In one particularly well-crafted essay, 'Indian Nepali Nationalism and Nepali Poetry', the author displays a remarkable understanding of identity and language in the role of nation-building. In this, Rai shows an inherent Indian patriotism combined with a keen sense of his Nepali heritage. This level of understanding carries forward into the next essay, 'Hills and Streams', in which he attempts to express his feelings towards his heritage through a more poetic narrative that relies upon Leela Lekhan. Tackling the homecoming of one Nepali migrant who chooses to stay in a hotel rather than his own home, Rai writes:

He lives in a hotel, he does not have his own home. Now he finds it insipid and hollow compared with the house of his own race, which stands wide and tall before him.
'It won't fall down, this house!'  he says.

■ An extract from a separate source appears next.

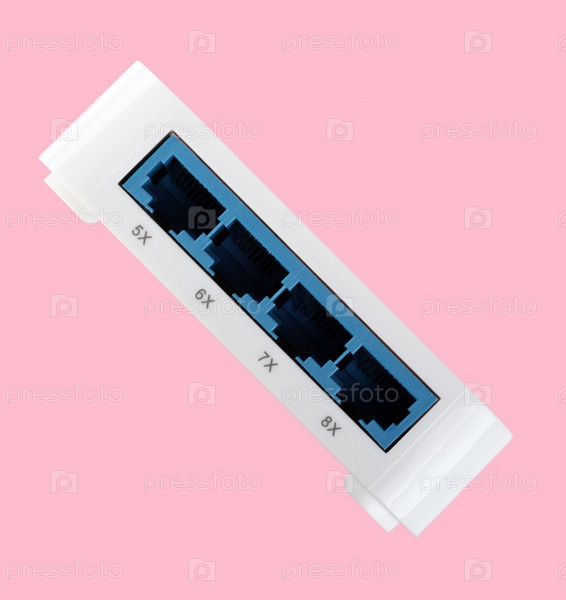 Белый 8-портный пластиковый коммутатор Ethernet изолирован на розовом фоне в сухой день

Ultimately, Rai's Nepal is a specific identity forged in the hills of Darjeeling. As such, these stories talk of the people of the hills and valleys, while rarely relating to the plains. The selections of stories presented in this collection are specific to certain ethnic and social groups, and seldom touch upon the more excluded groups – those who nonetheless comprise the silent voices of a vast majority of people in the central Himalayan midhills and the adjacent plains. This is not a criticism of Rai's writing, but rather an acknowledgement of the inherent problems in writing about Nepali-speakers, whether within Nepal or in the diaspora. As a Nepali writer from Darjeeling, Rai remains true to his 'expatriate' Nepali identity, but concurrently holds no obligation to be true to Nepal's own Nepali identity.

~ Pranab Man Singh is a freelance writer and a co-proprietor of Quixote's Cove, a bookshop in Kathmandu.